By the end of this chapter, you should be able to upload files to Azure Blob Storage from Python and verify them in the portal.

Concepts

Object storage vs file system storage

You already know file system storage: it is the Documents/ folder on your laptop. Files live in directories, you can rename them, move them between folders, and edit them in place. That works well for day-to-day use, but it has limits when you need to store data at cloud scale.

Object storage works differently. Each object is stored as a single unit with a key (its name) and metadata. You cannot edit part of an object; you replace the whole thing. There are no real directories, only key prefixes that look like paths (e.g. raw/weather/2024-01-15.json).

	File system	Object storage
Structure	Directories and files in a tree	Flat namespace with key prefixes
Editing	Edit a file in place	Replace the entire object
Scale	Limited by disk size	Scales to petabytes automatically
Access	Local or network mount	HTTP API (REST calls)
Redundancy	You manage backups	Automatic replication across disks/regions
Cost	Pay for the disk, used or not	Pay per GB stored + requests
Best for	Application files, code, config	Data pipeline output, logs, media, backups

Why use object storage?

In Weeks 3 and 4, your pipeline saved output to local files. That works on your machine, but local files are not accessible to other services, not backed up, and not shareable.

Object storage solves this problem. Instead of files on a single disk, your data lives in a central cloud location that any authorized (allowed) service can read, write, and share.

Amazon launched S3 (Simple Storage Service) in 2006, and it changed how companies think about storing data. Before S3, you had to buy and manage your own file servers. S3 introduced the idea that storage could be a service: you upload objects (files), the provider handles replication, durability, and scaling. You pay only for what you use.

Every major cloud provider now offers the same concept: Amazon S3, Azure Blob Storage, and Google Cloud Storage. The APIs differ, but the mental model is identical: you put objects in, you get objects out. In this track we use Azure Blob Storage, but if you learn one, the others will feel familiar. For the full history of how object storage replaced file servers, see History of Cloud Computing.

<aside> 🤓 Curious Geek: The history of S3

S3 was one of the first AWS services ever launched and is widely considered the starting point of modern cloud computing. It grew from Amazon's internal need to store massive amounts of data reliably. If you want to see how it evolved over the years, check out this AWS S3 history and timeline.

</aside>

What this means for data pipelines: Your pipeline produces output files (JSON, CSV, Parquet) that need to be stored reliably, accessed by other services, and kept for a long time. Object storage is designed for exactly this pattern. You write the file once, read it many times, and never edit it in place. File system storage is designed for interactive use where you open, edit, and save files repeatedly.
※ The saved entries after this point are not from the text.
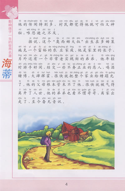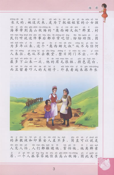 瑞士著名作家乔娜·施皮里的代表作《海蒂》是一部世界性的文学经典名著,深受几代人的欢迎。善良淳朴的小女孩海蒂,被姨妈送到高山牧场上,与性情古怪的爷爷一同生活。牧场的阳光、羊群、草地……简直太美了,海蒂爱上了这里。可是,不久后,海蒂又被姨妈送到法兰克福,给一位富家残疾女孩做伴。城市里缺乏自由,规矩繁多,海蒂越来越不开心。最后,海蒂终于回到了日思夜想的高山牧场,而且创造了一个奇迹…… 瑞士著名作家乔娜·施皮里的代表作《海蒂》是一部世界性的文学经典名著,深受几代人的欢迎。善良淳朴的小女孩海蒂,被姨妈送到高山牧场上,与性情古怪的爷爷一同生活。牧场的阳光、羊群、草地……简直太美了,海蒂爱上了这里。可是,不久后,海蒂又被姨妈送到法兰克福,给一位富家残疾女孩做伴。城市里缺乏自由,规矩繁多,海蒂越来越不开心。最后,海蒂终于回到了日思夜想的高山牧场,而且创造了一个奇迹……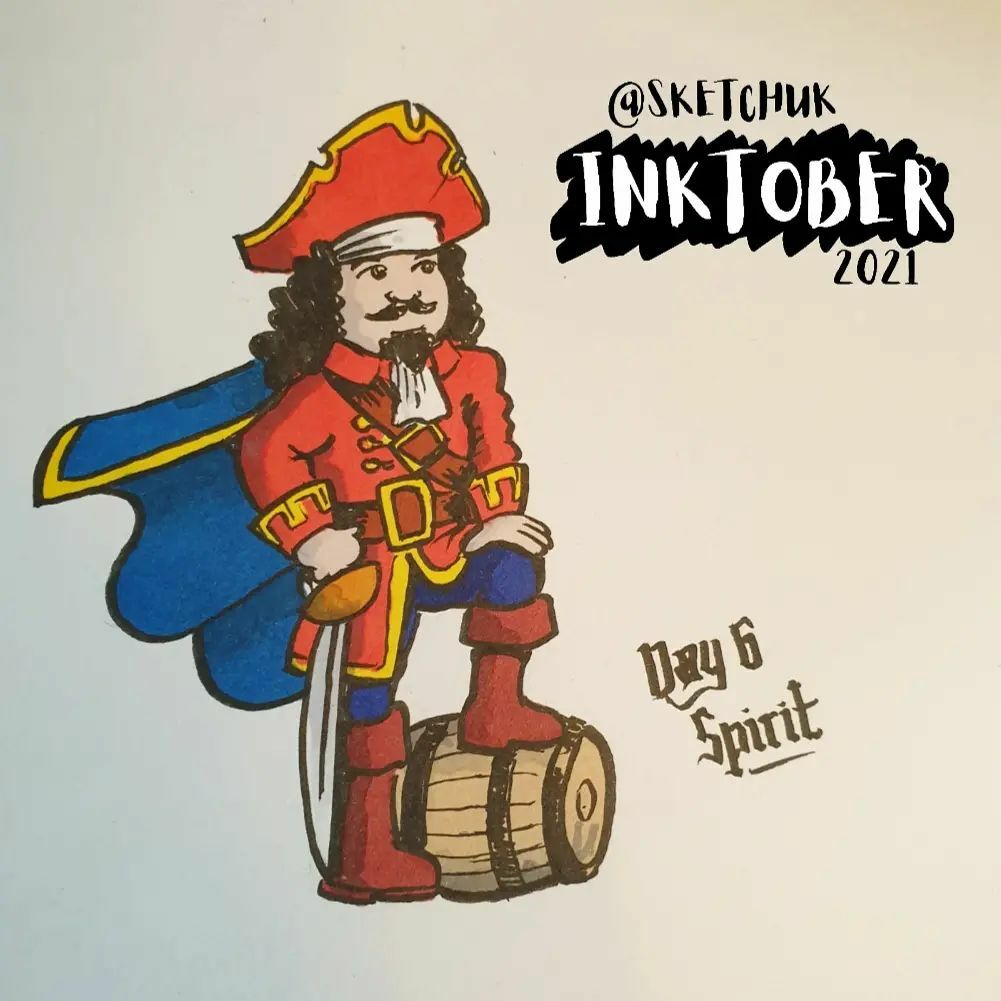 Day 6 of #Inktober2021 and the prompt is #Spirit A few of you suggested vodka related images, but my tipple of choice is #rum. My cartoonish attempt at #CaptainMorgan looks like he could do with a diet. Tomorrow's word is #Fan @inktober @jakeparker… instagr.am/p/CUsakxqKbH1/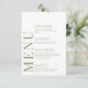 Enhance the charm of your romantic rustic botanical wedding celebration with this sophisticated and polished menu card. Featuring an intricate meadow wildflower blooms and dusty green calligraphy script, this beautiful design is elevated with personalization, showcasing the names of the bride and groom on the back.

Storage accounts, containers, and blobs

Azure Blob Storage is organized in three levels:

Storage account (unique name, like a top-level namespace)
└── Container (like a folder)
    ├── raw/weather_2024-01-15.json
    ├── raw/weather_2024-01-16.json
    └── processed/summary.csv

Storage account: a namespace for all your storage. Your teacher has created a shared one.
Container: a logical grouping of blobs (not to be confused with Docker containers). Think of it like a top-level folder. Your teacher has pre-created raw and processed containers for you.
Blob: a single file.

<aside> ⚠️ "Container" in Azure Blob Storage means a storage container (folder), not a Docker container. The naming is confusing, but context makes it clear.

</aside>

Here is how the hierarchy looks in practice:

<aside> 🖼️ Visual: Blob Storage hierarchy

</aside>

Uploading from Python

To interact with Azure Blob Storage from Python, you use the azure-storage-blob package. It is part of the Azure SDK for Python, a collection of libraries maintained by Microsoft that cover every Azure service. The blob storage library gives you classes to create clients, upload and download blobs, list containers, and manage metadata. All through Python instead of the CLI.

Install it with pip:

pip install azure-storage-blob

Upload a file:

import os
from azure.storage.blob import BlobServiceClient

connection_string = os.environ["AZURE_STORAGE_CONNECTION_STRING"]  # your teacher provides this value
client = BlobServiceClient.from_connection_string(connection_string)

container_client = client.get_container_client("raw")

with open("weather_data.json", "rb") as f:
    container_client.upload_blob(name="weather_2024-01-15.json", data=f, overwrite=True)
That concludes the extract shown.